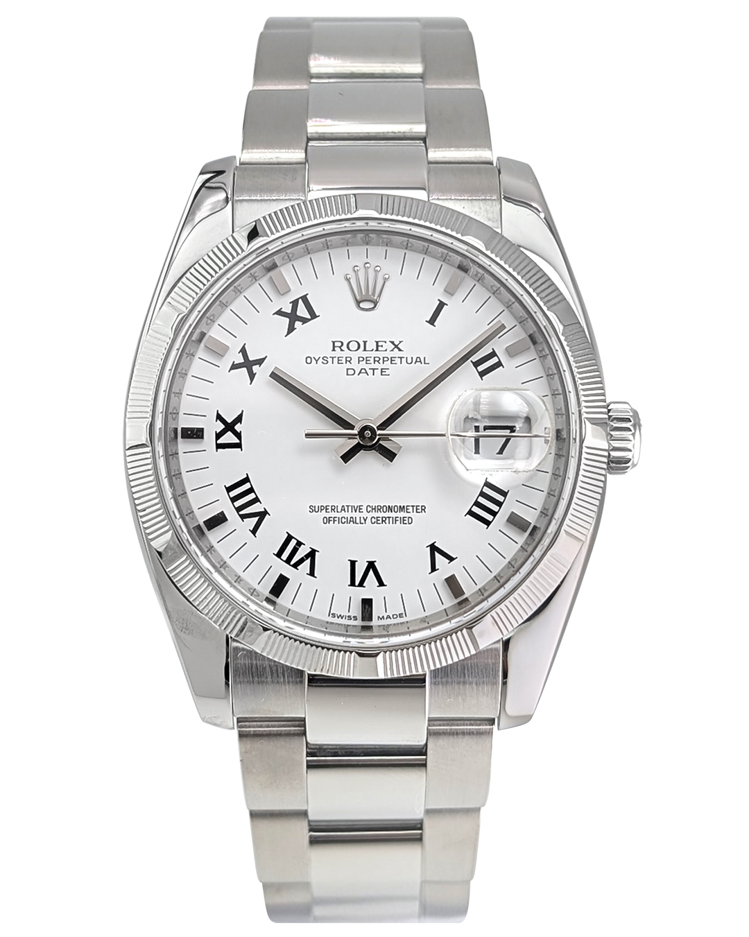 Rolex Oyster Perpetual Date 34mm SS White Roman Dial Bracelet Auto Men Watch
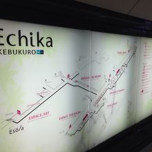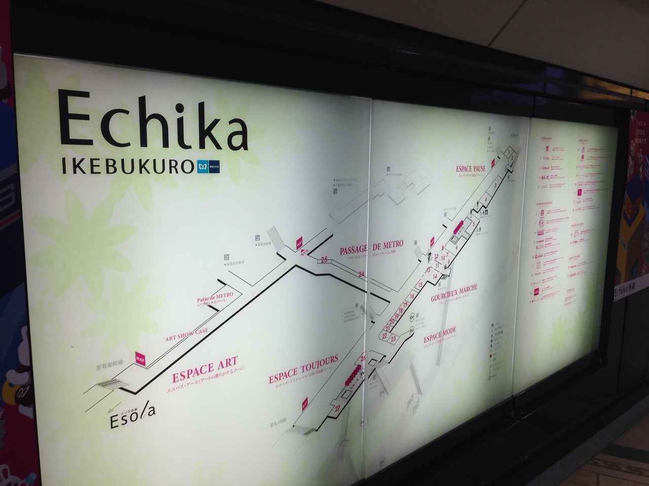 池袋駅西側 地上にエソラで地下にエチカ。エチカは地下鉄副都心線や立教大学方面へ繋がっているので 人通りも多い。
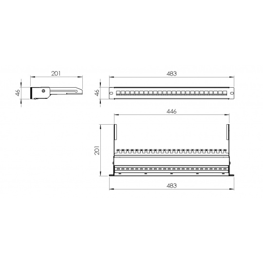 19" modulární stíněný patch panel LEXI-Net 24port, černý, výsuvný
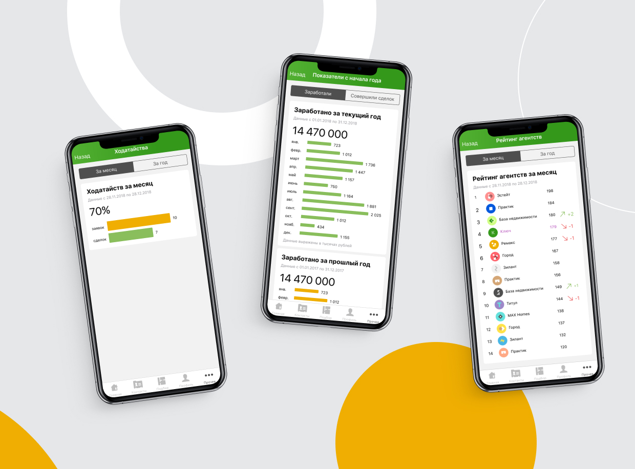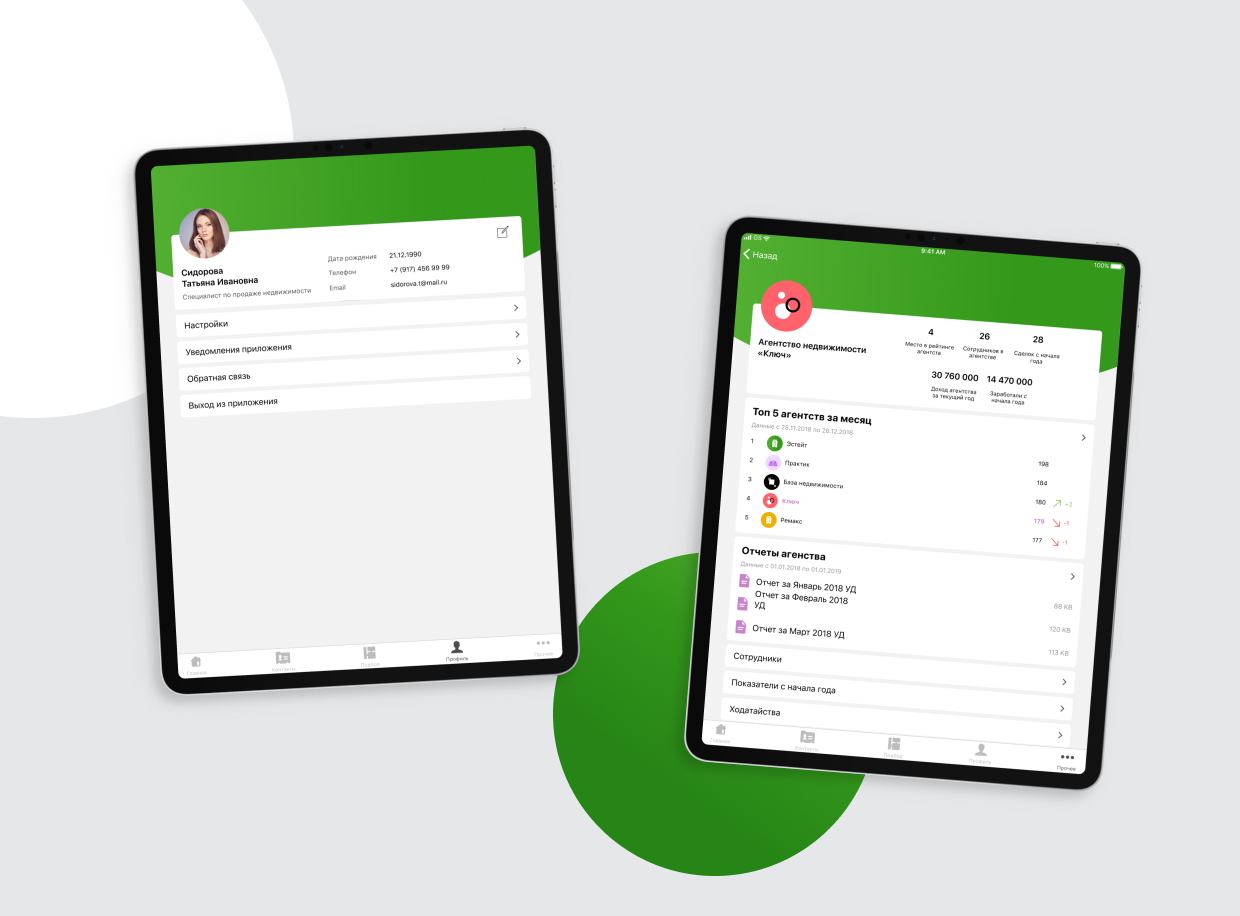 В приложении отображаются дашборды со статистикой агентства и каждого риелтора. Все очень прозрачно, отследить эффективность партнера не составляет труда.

--

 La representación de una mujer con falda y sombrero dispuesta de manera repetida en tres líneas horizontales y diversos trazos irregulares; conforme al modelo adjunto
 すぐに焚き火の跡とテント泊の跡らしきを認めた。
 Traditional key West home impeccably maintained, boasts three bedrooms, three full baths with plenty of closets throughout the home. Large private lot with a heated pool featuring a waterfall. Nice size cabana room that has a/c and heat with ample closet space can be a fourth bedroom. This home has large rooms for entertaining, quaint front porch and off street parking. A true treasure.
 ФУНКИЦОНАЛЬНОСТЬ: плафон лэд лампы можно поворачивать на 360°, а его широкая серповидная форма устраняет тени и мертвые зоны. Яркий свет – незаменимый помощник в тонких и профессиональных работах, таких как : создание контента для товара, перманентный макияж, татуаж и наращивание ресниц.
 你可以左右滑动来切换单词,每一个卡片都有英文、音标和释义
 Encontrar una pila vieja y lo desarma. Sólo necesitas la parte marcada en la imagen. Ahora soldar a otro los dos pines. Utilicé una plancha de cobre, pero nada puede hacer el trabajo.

...

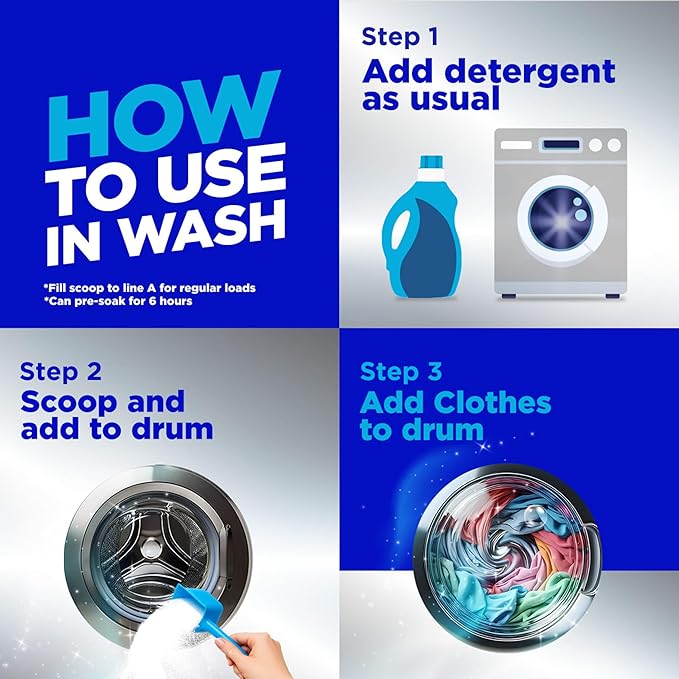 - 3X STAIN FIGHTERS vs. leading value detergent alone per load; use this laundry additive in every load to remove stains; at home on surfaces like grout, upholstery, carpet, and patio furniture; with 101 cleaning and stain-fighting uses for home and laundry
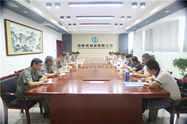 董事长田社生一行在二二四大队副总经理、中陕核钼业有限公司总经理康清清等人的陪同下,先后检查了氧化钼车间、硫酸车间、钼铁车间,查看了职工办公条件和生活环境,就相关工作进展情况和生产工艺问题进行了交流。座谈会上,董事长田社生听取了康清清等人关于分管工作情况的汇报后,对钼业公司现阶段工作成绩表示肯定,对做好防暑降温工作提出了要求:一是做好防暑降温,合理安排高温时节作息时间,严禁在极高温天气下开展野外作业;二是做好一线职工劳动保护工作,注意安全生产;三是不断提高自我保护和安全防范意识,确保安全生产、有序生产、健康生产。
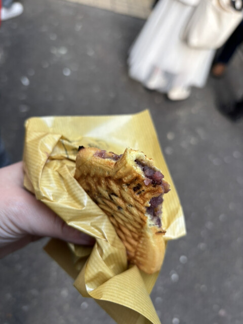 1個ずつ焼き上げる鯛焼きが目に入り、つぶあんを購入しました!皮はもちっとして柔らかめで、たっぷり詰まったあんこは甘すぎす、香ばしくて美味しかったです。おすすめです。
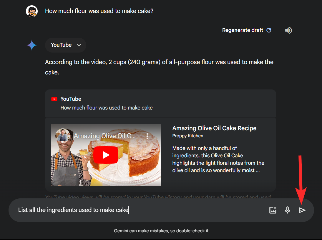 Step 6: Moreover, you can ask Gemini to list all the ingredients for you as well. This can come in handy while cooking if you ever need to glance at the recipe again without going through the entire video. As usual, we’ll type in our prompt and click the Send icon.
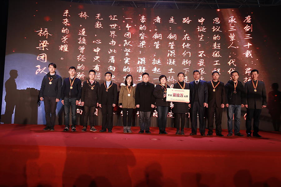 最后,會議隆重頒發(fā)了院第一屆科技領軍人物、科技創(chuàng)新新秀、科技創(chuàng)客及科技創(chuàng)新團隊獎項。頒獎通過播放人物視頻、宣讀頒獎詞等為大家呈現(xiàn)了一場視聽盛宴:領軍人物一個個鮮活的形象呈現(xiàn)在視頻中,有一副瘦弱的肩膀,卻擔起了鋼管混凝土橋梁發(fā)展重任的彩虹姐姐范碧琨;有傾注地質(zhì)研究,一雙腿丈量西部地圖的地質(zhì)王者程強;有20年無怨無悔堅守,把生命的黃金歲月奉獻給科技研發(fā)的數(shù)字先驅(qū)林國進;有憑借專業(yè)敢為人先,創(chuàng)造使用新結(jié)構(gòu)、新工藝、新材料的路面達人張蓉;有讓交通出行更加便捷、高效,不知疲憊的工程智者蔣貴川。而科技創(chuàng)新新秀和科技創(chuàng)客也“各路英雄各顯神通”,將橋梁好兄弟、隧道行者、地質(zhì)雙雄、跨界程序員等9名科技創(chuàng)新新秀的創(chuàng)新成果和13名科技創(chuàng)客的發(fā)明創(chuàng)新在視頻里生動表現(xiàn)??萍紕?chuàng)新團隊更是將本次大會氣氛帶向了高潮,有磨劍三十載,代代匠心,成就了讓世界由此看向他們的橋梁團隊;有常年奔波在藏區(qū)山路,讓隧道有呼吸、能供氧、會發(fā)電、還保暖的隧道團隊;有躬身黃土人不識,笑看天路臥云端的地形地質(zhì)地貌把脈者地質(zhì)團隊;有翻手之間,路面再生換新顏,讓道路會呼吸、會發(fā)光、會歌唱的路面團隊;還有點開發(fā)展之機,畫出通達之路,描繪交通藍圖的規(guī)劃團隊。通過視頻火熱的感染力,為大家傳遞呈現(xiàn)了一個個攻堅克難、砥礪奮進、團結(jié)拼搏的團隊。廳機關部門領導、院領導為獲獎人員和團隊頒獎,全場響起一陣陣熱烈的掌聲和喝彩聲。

◆ Required work
Although pictures appear among the entries, please set down only the lines from the one with "董事长田社生一行在二二四大队" up to and including the one with "Step 6: Moreover, you", word for word.

◆ Your response
 董事长田社生一行在二二四大队副总经理、中陕核钼业有限公司总经理康清清等人的陪同下,先后检查了氧化钼车间、硫酸车间、钼铁车间,查看了职工办公条件和生活环境,就相关工作进展情况和生产工艺问题进行了交流。座谈会上,董事长田社生听取了康清清等人关于分管工作情况的汇报后,对钼业公司现阶段工作成绩表示肯定,对做好防暑降温工作提出了要求:一是做好防暑降温,合理安排高温时节作息时间,严禁在极高温天气下开展野外作业;二是做好一线职工劳动保护工作,注意安全生产;三是不断提高自我保护和安全防范意识,确保安全生产、有序生产、健康生产。
 1個ずつ焼き上げる鯛焼きが目に入り、つぶあんを購入しました!皮はもちっとして柔らかめで、たっぷり詰まったあんこは甘すぎす、香ばしくて美味しかったです。おすすめです。
 Step 6: Moreover, you can ask Gemini to list all the ingredients for you as well. This can come in handy while cooking if you ever need to glance at the recipe again without going through the entire video. As usual, we’ll type in our prompt and click the Send icon.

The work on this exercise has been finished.